XXH3 Algorithm Description (for medium inputs)

This algorithm is used for medium inputs (17-240 bytes of input). Its internal hash state is stored inside 1 (XXH3-64) or 2 (XXH3-128) "accumulators", each storing an unsigned 64-bit value.

Step 1. Initialize internal accumulators

The accumulator(s) are initialized based on the input length.

// For XXH3-64
u64 acc = inputLength * PRIME64_1;

// For XXH3-128
u64 acc[2] = {inputLength * PRIME64_1, 0};

Step 2. Process the input

This step is further divided into two cases: one for 17-128 bytes of input, and one for 129-240 bytes of input.

Mixing operation

This step uses a mixing operation that mixes a 16-byte segment of data, a 16-byte segment of secret and the seed into a 64-bit value as a building block. This operation treat the segment of data and secret as little-endian 64-bit values.

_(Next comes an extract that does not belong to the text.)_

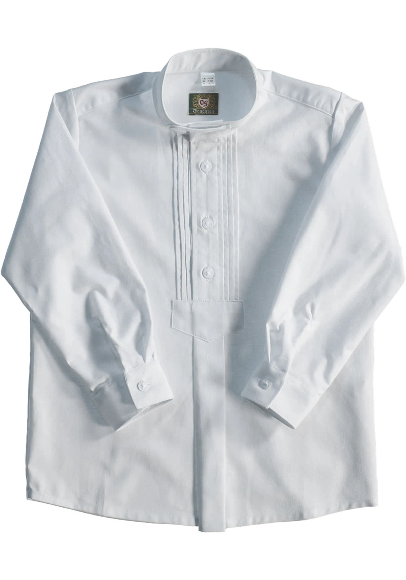 Suchen Sie für Ihren Nachwuchs ein Trachtenhemd mit Stehkragen? Dann empfehlen wir Ihnen dieses – von OS-Trachten mit viel Liebe zum Detail schon ab Größe 74 gefertigt. Das weiße Hemd in Schlupfform ist bequem weit geschnitten, die reine Baumwolle mag auch zarte Kinderhaut. Übrigens: ein schönes Geschenk auch von Patentante oder -onkel!

mixStep(u8 data[16], size secretOffset, u64 seed):
  u64 dataWords[2] = data[0:16];
  u64 secretWords[2] = secret[secretOffset:secretOffset+16];
  u128 mulResult = (u128)(dataWords[0] xor (secretWords[0] + seed)) *
                   (u128)(dataWords[1] xor (secretWords[1] - seed));
  return lowerHalf(mulResult) xor higherHalf(mulResult);

The mixing operation is always invoked in groups of two in XXH3-128, where two 16-byte segments of data are mixed with a 32-byte segment of secret, and the accumulators are updated accordingly.

mixTwoChunks(u8 data1[16], u8 data2[16], size secretOffset, u64 seed):
  u64 dataWords1[2] = data1[0:16]; // again, little-endian conversion
  u64 dataWords2[2] = data2[0:16];
  acc[0] = acc[0] + mixStep(data1, secretOffset, seed);
  acc[1] = acc[1] + mixStep(data2, secretOffset + 16, seed);
  acc[0] = acc[0] xor (dataWords2[0] + dataWords2[1]);
  acc[1] = acc[1] xor (dataWords1[0] + dataWords1[1]);

The input is split into several 16-byte chunks and mixed, and the result is added to the accumulator(s).

17-128 bytes of input

The input is read as N 16-byte chunks starting from the beginning and N chunks starting from the end, where N is the smallest number that these 2N chunks cover the whole input. These chunks are paired up and mixed, and the results are accumulated to the accumulator(s).

// the loop variable `i` should be signed to avoid underflow in implementation
processInput_XXH3_64_17to128():
  u64 numRounds = ((inputLength - 1) >> 5) + 1;
  for (i = numRounds - 1; i >= 0; i--) {
    size offsetStart = i*16;
    size offsetEnd = inputLength - i*16 - 16;
    acc += mixStep(input[offsetStart:offsetStart+16], i*32, seed);
    acc += mixStep(input[offsetEnd:offsetEnd+16], i*32+16, seed);
  }

processInput_XXH3_128_17to128():
  u64 numRounds = ((inputLength - 1) >> 5) + 1;
  for (i = numRounds - 1; i >= 0; i--) {
    size offsetStart = i*16;
    size offsetEnd = inputLength - i*16 - 16;
    mixTwoChunks(input[offsetStart:offsetStart+16], input[offsetEnd:offsetEnd+16], i*32, seed);
  }

129-240 bytes of input

The input is split into 16-byte (XXH3-64) or 32-byte (XXH3-128) chunks. The first 128 bytes are first mixed chunk by chunk, followed by an intermediate avalanche operation. Then the remaining full chunks are processed, and finally the last 16/32 bytes are treated as a chunk to process.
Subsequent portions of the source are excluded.